The Migration Observatory's Election 2015 briefing series can be found here. The Migration Observatory is based at the University of Oxford, and provides impartial, independent, authoritative, evidence-based analysis of data on migration and migrants in the UK. The commentary that follows has been produced independently of Full Fact.
There is no such thing as the "right" or the "wrong" immigration policy—every different approach to managing migration will involve different trade-offs and have its supporters and its opponents. Similarly, there is no "optimal" level of migration to the UK.
The impacts of immigration are complex, affect different groups in different ways, and in some cases remain uncertain.

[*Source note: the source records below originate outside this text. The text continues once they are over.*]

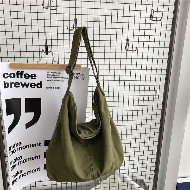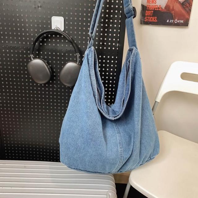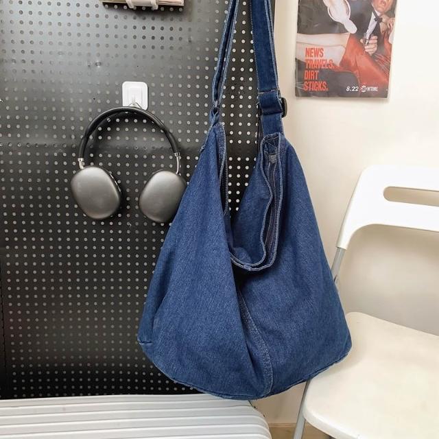 日系簡約 慵懶文藝水洗牛仔帆布包 大容量斜跨包 學生出行通勤必備購物袋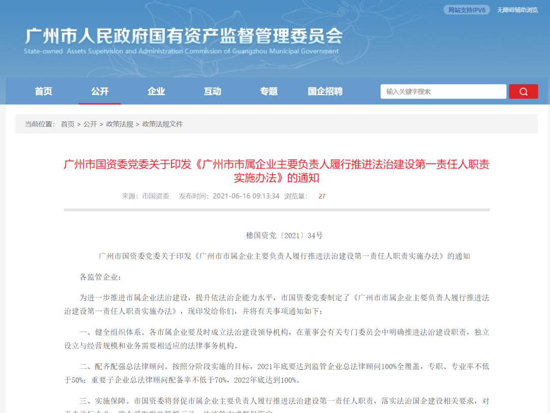 4、广州市国资委党委关于印发《广州市市属企业主要负责人履行推进法治建设第一责任人职责实施办法》的通知 |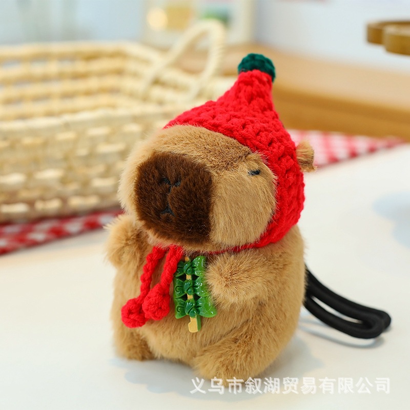 かわいいインターネット有名人カピバラ人形ニット帽子スカーフカピバラキーホルダーぬいぐるみ装飾ペンダント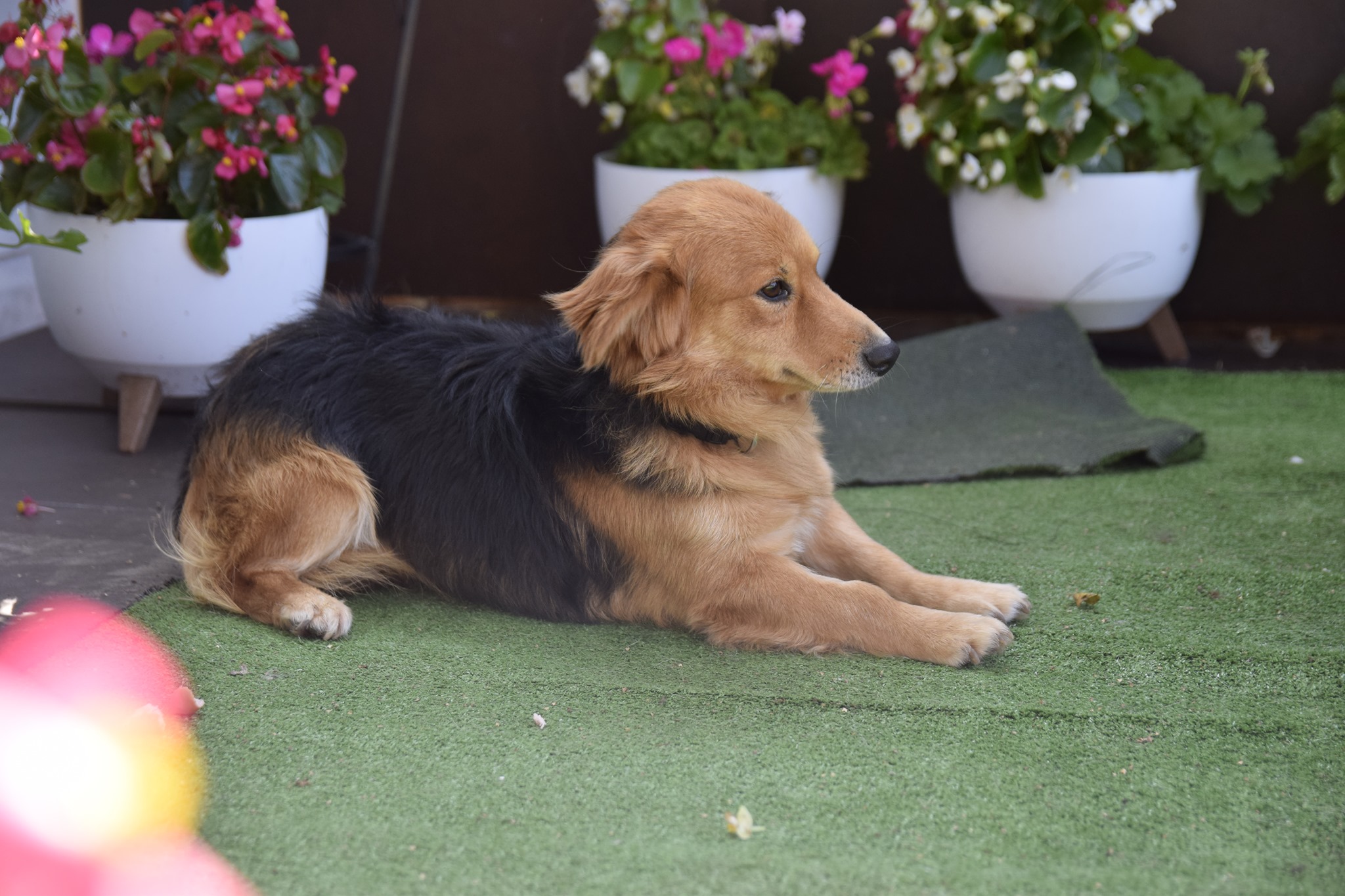 Dogaduje się z innymi psami, nie wiemy jak z kotami.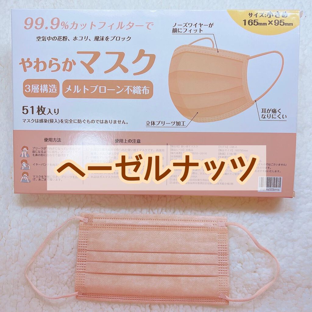 マスクくらいおしゃれに気分に合わせて変えたいなといつも色んなピンクのマスクを買っています!! このマスクはずっと愛用しているもので、耳も痛くならないし、一般的な大人用サイズ(横幅17.5㎝)より少しだけ小さいサイズで、私はちょうどいいです! 平ゴムなので、耳が痛くならないので長時間でも付けていられます! 今回は、チェリーブロッサム、オールドローズ、ヘーゼルナッツ、ベビーピンクの4種類を買いました✨✨ 不織布のマスクがやはり1番安心するので、私はマスク時代になってからもずっと不織布のマスクを使ってます😷 私はこのマスクで色々な色をつけながらマスク生活を少しでもプラスに思えるように使っています✨✨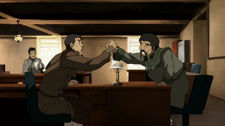 Lu and Gang were two former detectives of the Republic City police force, working under the orders of Chief Lin Beifong.[3] They were demoted from their positions after President Raiko and his wife were almost kidnapped by assailants hired by Varrick.[4]

Arguably the two most prominent issues in the immigration debate in the months leading up to the election have been levels of migration and migrants' access to welfare benefits. This note examines how the Conservative, Labour and Liberal Democrat manifestos address these two complex issues.
Policies on net migration
Before 2010 net migration was a relatively obscure measure for most people other than those actively involved in analysis of migration. The Conservative party's target of reducing net migration "from the hundreds of thousands to the tens of thousands" was relatively popular with voters in 2010, but was not met. It reappears in the Conservative manifesto as an "ambition".
When it was introduced, the net migration target appeared a straightforward way of demonstrating 'control' of the immigration system. In the context of a substantial increase in the foreign-born population over the course of the 2000s, it provided an opportunity to show that the pace of change would be slowed in a clear and measurable way.
However, it was clear that the target would be exceptionally difficult to achieve and the government's own impact assessments suggested that reductions in non-EU migration would be insufficient to ensure the target was met.
Three factors contributed to the difficulty meeting the target. First, the net migration measure contained factors beyond government control, particularly the level of EU immigration. The target also included groups not normally classified as "migrants" such as international students and UK citizens. Secondly, policy changes on non-EU migration did not bring down numbers sustainably. Thirdly, economic growth did—as the Conservative manifesto points out—facilitate recent rebounds in the numbers: the growth differential between the UK and the rest of Europe appears to have encouraged free movement to the UK.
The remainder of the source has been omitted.